Voegen van de gevelsteen
Ook bij het opvoegen van de gevelsteen moet de aannemer oppassen dat hij geen vlekken achterlaat op de profielen. Aangezien het voegen meestal de laatste stap in het bouwproces is, is het voor de betrokken aannemer een belangrijk aandachtspunt om de gevel inclusief ramen en deuren zo netjes mogelijk achter te laten.

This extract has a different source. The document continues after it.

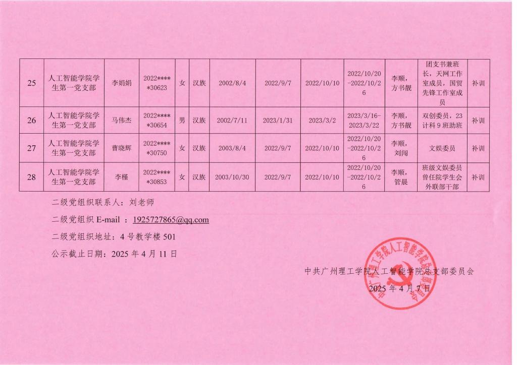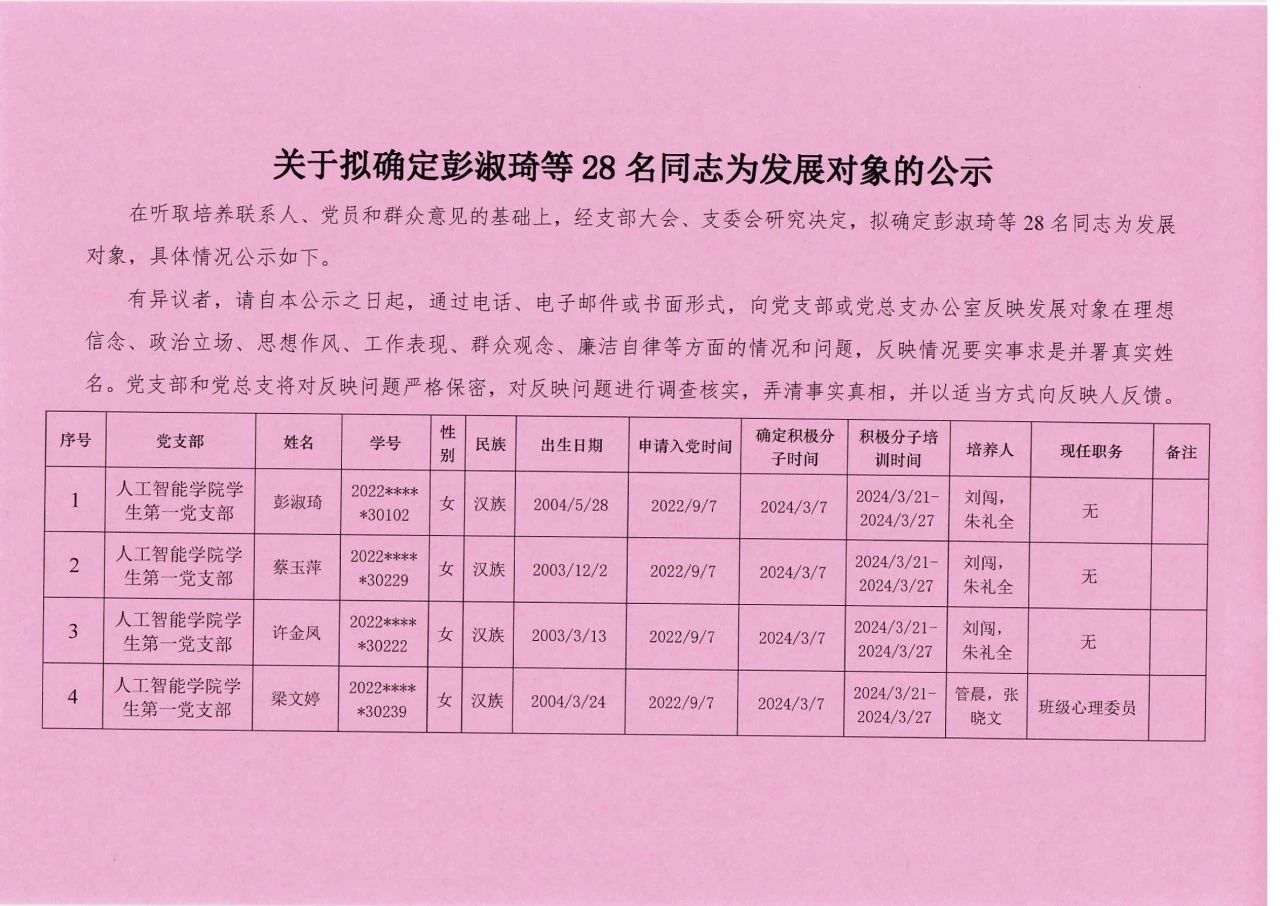 在听取培养联系人、党员和群众意见的基础上,经支委会研究决定,拟定彭淑琦等28名同志为发展对象,具体情况公示如下。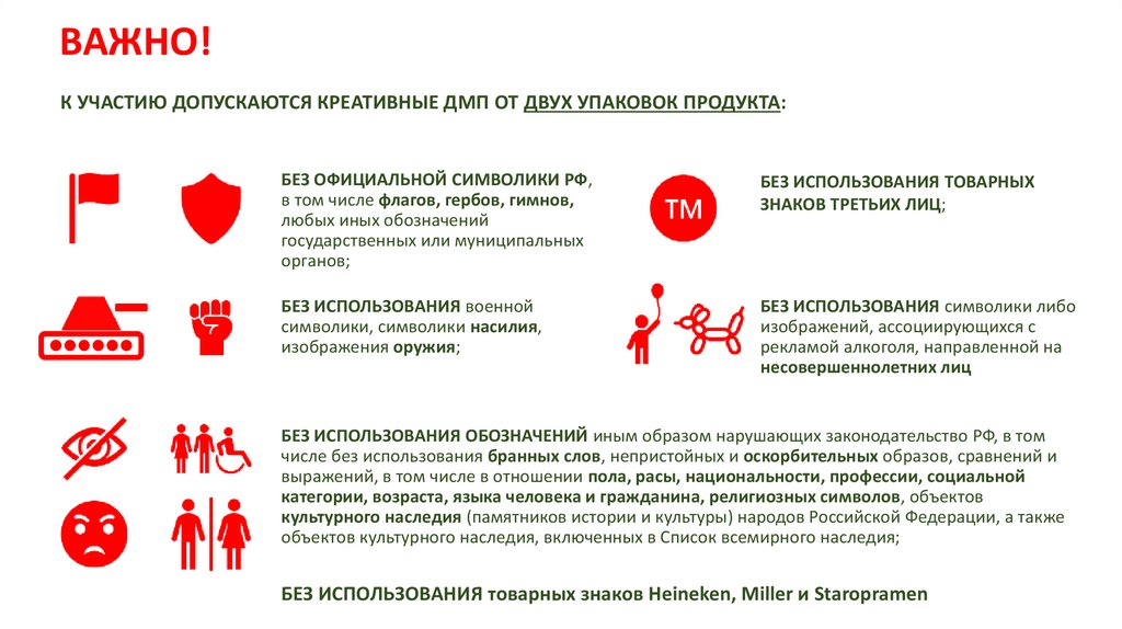 БЕЗ ИСПОЛЬЗОВАНИЯ товарных знаков Heineken, Miller и Staropramen

Geschillen rond aansprakelijkheid
Werven waar alles perfect volgens het boekje verloopt, zijn eerder zeldzaam. Het hoeft dan ook niet te verwonderen dat er vaak schadegevallen voorkomen waarbij het moeilijk is om vast te stellen bij wie de schuld nu precies ligt. In feite is het de taak van de bouwheer en/of de architect om op regelmatige basis, dus nadat elke aannemer zijn deel van het werk oplevert, de werf te controleren.

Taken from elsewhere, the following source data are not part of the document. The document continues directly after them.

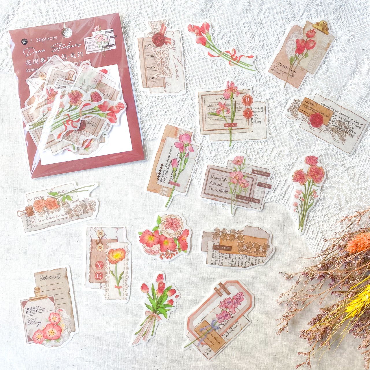 花と紙を組み合わせた和紙シールです。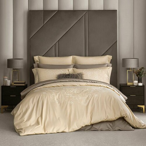 Блейк» украшает мелкий геометрический орнамент, напоминающий переплетения решетки. Он создан непосредственно на ткани с помощью сложного жаккардового плетения нитей. Пододеяльник выглядит изысканно и обладает легким рельефом поверхности. Благородная пепельно-серая гамма оттенков – хорошее решение для спальни мужчины.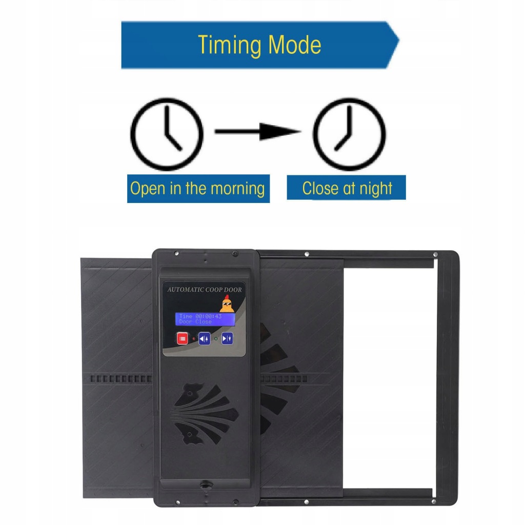 ✔️Łatwy w użyciu: łatwo jest zaprogramować przyciski. Automatyczne drzwi do kurnika otwierają się automatycznie rano i zamykają w nocy.

Het is raadzaam om als vakman bij dit controlemoment aanwezig te zijn. Samen kunt u dan vaststellen of er al dan niet problemen zijn. Besteed ook voldoende aandacht aan moeilijk zichtbare of toegankelijke plekken. Wanneer er dan achteraf moeilijkheden opduiken, kunt u steeds terugverwijzen naar het controlemoment.
Belangrijk is hier nog bij te vermelden dat alle partijen bij de ontwerpfase dienen mee te denken over de bereikbaarheid van het schrijnwerk met oog op de latere reiniging. Het is op die manier dat men nog voor de start van de werken kan uitmaken welke zones het moeilijkst te bereiken zullen zijn, en dus het slechtst onderhouden zullen worden.
Mochten er problemen vastgesteld worden tijdens de werken, dan is het bovendien ook zaak om dit zo snel mogelijk - ook schriftelijk - te melden, zodoende worden eventuele discussies vermeden en krijgt het probleem een datum.